2023-05-17 18:18:49,293 INFO:   Monitoring returned

GPT-J PyTorch

GPT-J [github] is an auto-regressive language model created by EleutherAI. This PyTorch GPT-J 6B parameter pretraining sample uses 2 CS2s.

First, source a Cerebras PyTorch virtual environment.

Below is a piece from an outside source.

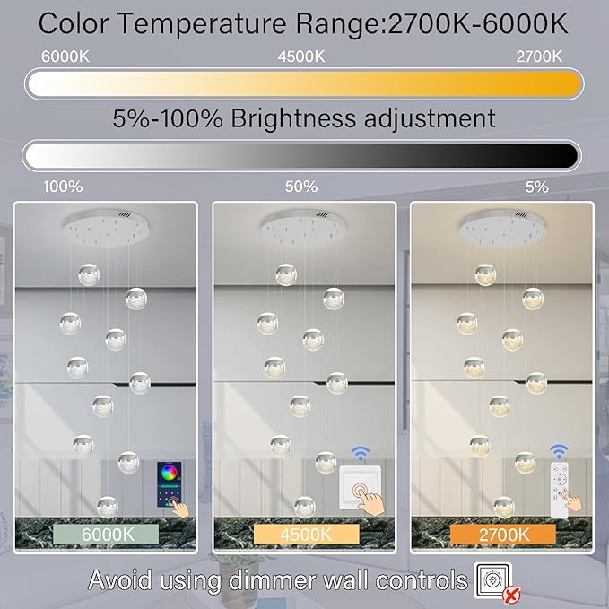 - 【Smart led Silver chandelier 】It is equipped with a remote control and APP control for seamless dimming between warm white (2700K) and cold white (6000K), as well as adjustable brightness ranging from 5 to 100 percent.

source ~/R_1.9.1/venv_pt/bin/activate

Then

cd ~/R_1.9.1/modelzoo/modelzoo/transformers/pytorch/gptj
cp /software/cerebras/dataset/gptj/params_gptj_6B_sampleds.yaml configs/params_gptj_6B_sampleds.yaml
export MODEL_DIR=model_dir_gptj
if [ -d "$MODEL_DIR" ]; then rm -Rf $MODEL_DIR; fi
python run.py CSX --job_labels name=gptj_pt --params configs/params_gptj_6B_sampleds.yaml --num_csx=2 --mode train --model_dir $MODEL_DIR --mount_dirs /home/ /software --python_paths /home/$(whoami)/R_1.9.1/modelzoo/ --compile_dir $(whoami) |& tee mytest.log

The last parts of the output should resemble the following:

2023-05-17 18:44:38,290 INFO:   Finished sending initial weights
2023-05-17 18:51:03,551 INFO:   | Train Device=xla:0, Step=100, Loss=8.46875, Rate=33.83 samples/sec, GlobalRate=33.83 samples/sec
2023-05-17 18:57:26,199 INFO:   | Train Device=xla:0, Step=200, Loss=8.06250, Rate=33.92 samples/sec, GlobalRate=33.90 samples/sec
2023-05-17 19:03:48,354 INFO:   | Train Device=xla:0, Step=300, Loss=7.71875, Rate=33.98 samples/sec, GlobalRate=33.94 samples/sec
2023-05-17 19:10:10,299 INFO:   | Train Device=xla:0, Step=400, Loss=7.46875, Rate=34.01 samples/sec, GlobalRate=33.96 samples/sec
2023-05-17 19:16:32,156 INFO:   | Train Device=xla:0, Step=500, Loss=7.21875, Rate=34.03 samples/sec, GlobalRate=33.98 samples/sec
2023-05-17 19:16:32,157 INFO:   Saving checkpoint at global step 500
2023-05-17 19:27:12,834 INFO:   Saving step 500 in dataloader checkpoint
2023-05-17 19:27:13,435 INFO:   Saved checkpoint at global step: 500
2023-05-17 19:27:13,436 INFO:   Training Complete. Completed 65000 sample(s) in 2554.1804394721985 seconds.